The sequential implementation with ./revindex_sequential <directory>
The parallel implementation with ./revindex_threads <directory>

Test:

We have provided you with the expected output for some search terms over the books directory (all files titled WORD.txt), so that you can compare your results. You can also compare your implementation with the sequential implementation via make check. The results should be the same.

Functionality:

$ make check
./revindex_threads books < input.txt > output_threads.txt
./revindex_sequential books < input.txt > output_sequential.txt
diff output_parallel.txt output_sequential.txt
... You should receive no output/differences ...

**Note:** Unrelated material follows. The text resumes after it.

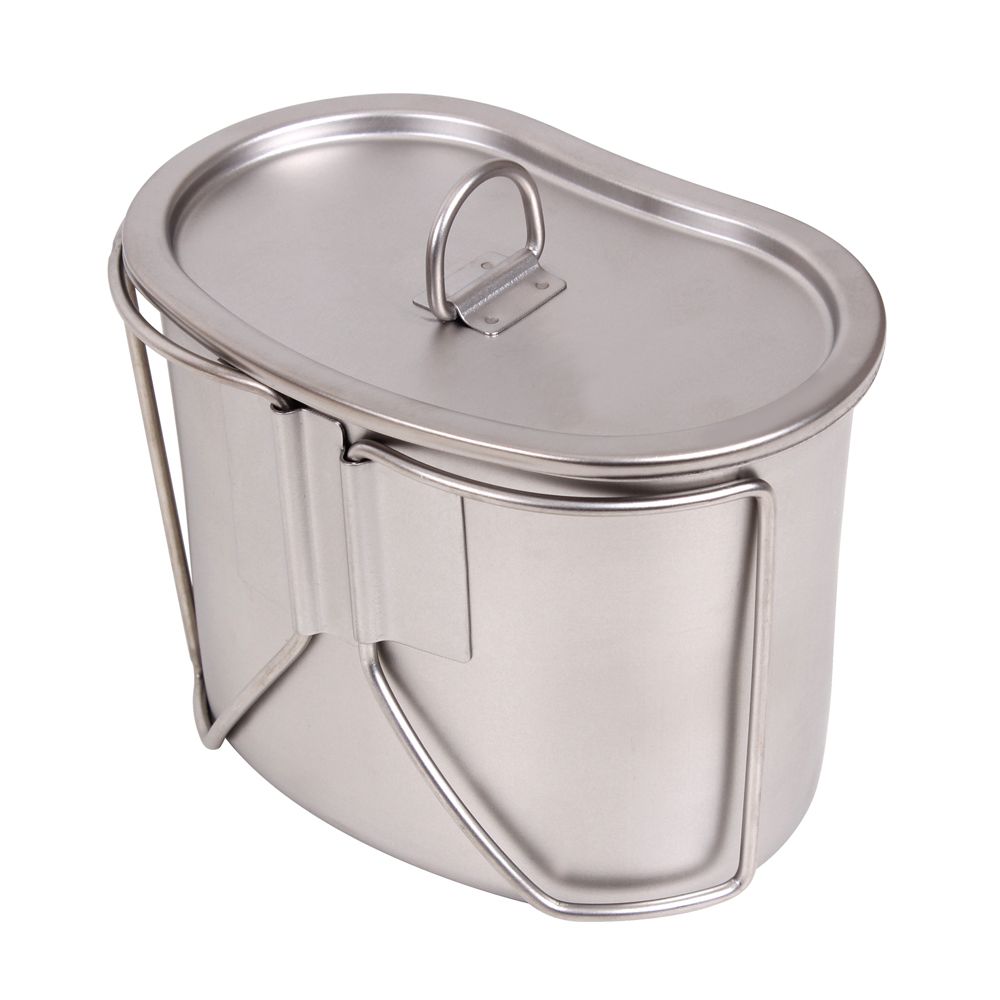 Stainless Steel Canteen Cup and Cover Set is ideal for camping, bug out bags, and cooking. The heavy gauge stainless steel canteen cup is durable and can be used drinking or cooking while camping, bugging out or hiking. Features a butterfly handle and comes with a convenient lid. Measurements for the stainless steel cup include: bottom - 4 1/2" x 2 7/8", top - 5 1/4" x 3 1/4", and the height is 3 3/4".
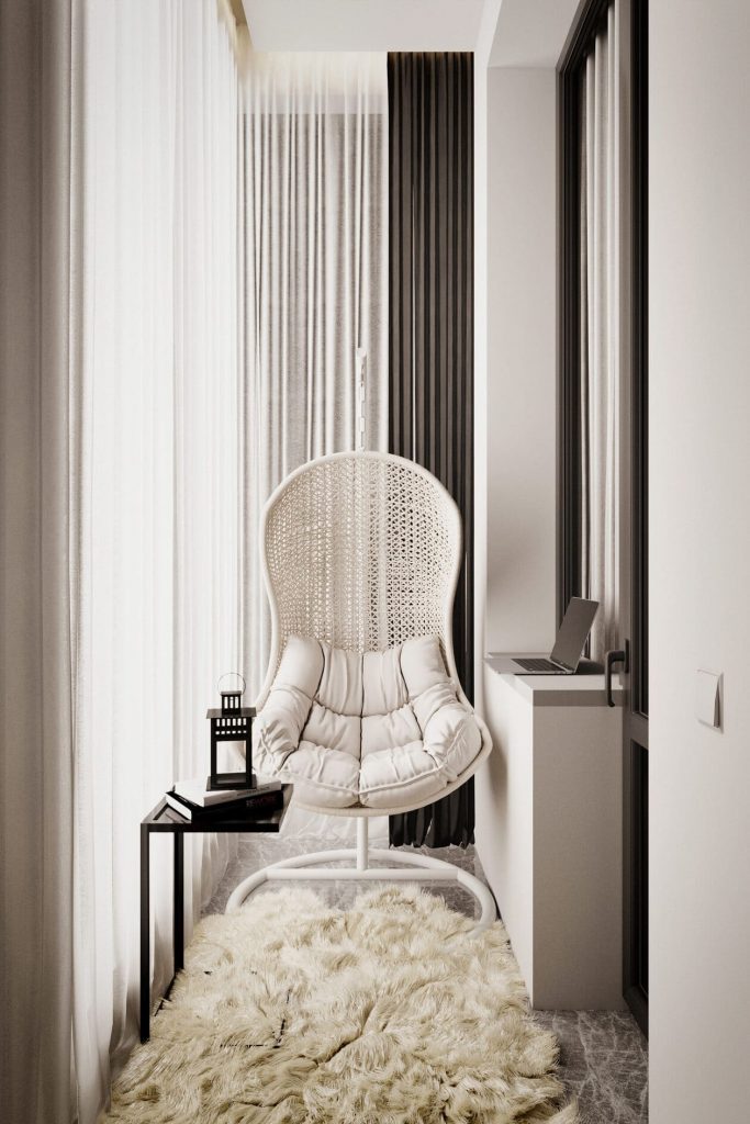 Ключевой акцент — подвесное кресло. Оно как будто парит в пространстве, повторяя изгибы стены и мягко вписываясь в светлую палитру интерьера. Под ним — пушистая овечья шкура, добавляющая тактильный комфорт и домашнее тепло.

Runtime: Additionally, once you have a working reverse index using parallel processes, you should find a performance improvement over the sequential implementation. To verify this, run:

$ time ./revindex_parallel books < input.txt
$ time ./revindex_sequential books < input.txt
...  the sequential implementation should be slower than the parallel ...

You can also compare the performance of your multithreaded reverse index search with the multi-process implementation from Lab 6. Which one do you expect to be faster?

Relevant Library Functions

Below you will find a list of functions you may find helpful in completing this lab. Feel free to also reference the man pages and C++ references for more details.

std::thread

std::thread(func, args...)
- The std::thread constructor spawns a new thread that beings running the function, func, with the specificed arguments
- Arguments:
  - A function to be executed by the new thread.
  - Any number of arguments as needed by the specified function
- Return value: a thread handle that you can use to join the thread (see join()).
- Below is an example of standard std::thread usage:
```
void some_func(int x, int y){
    …
}

void create_threads(){
    // create and run the thread
    std::thread t = thread(some_func, 1, 2);
    
    // wait for it to complete
    t.join();
}
```

std::thread::join

join()
- The std::thread join function waits for the execution of a thread to complete. Calling t.join() will halt the calling thread until thread t, has completed. (join will return immediately if the thread has already completed.)

Debugging Resources/ GDB

Switching between threads:

When your program is stopped in GDB, you can gain information on the current state of your threads running the command info threads (you can stop your program in GDB either through a breakpoint or by typing Ctrl-Z). The info threads command will provide you with a numbered list of every currently running thread. From there, you can use the command thread [number] (where [number] is the number listed by the thread) to inspect the current state of that thread and follow its execution.

Executing commands across multiple threads:

In GDB, you can use the command thread apply all <command> to apply a given command to all threads. For example, you can use thread apply all bt to get a the stack trace of every running thread.

Handin instructions

Turn in your code by pushing your git repository to github.com/csci300/cs300-s20-labs-YOURUSERNAME.git.

Then, head to the grading server. On the “Labs” page, use the “Lab 7 checkoff” button to check off your lab.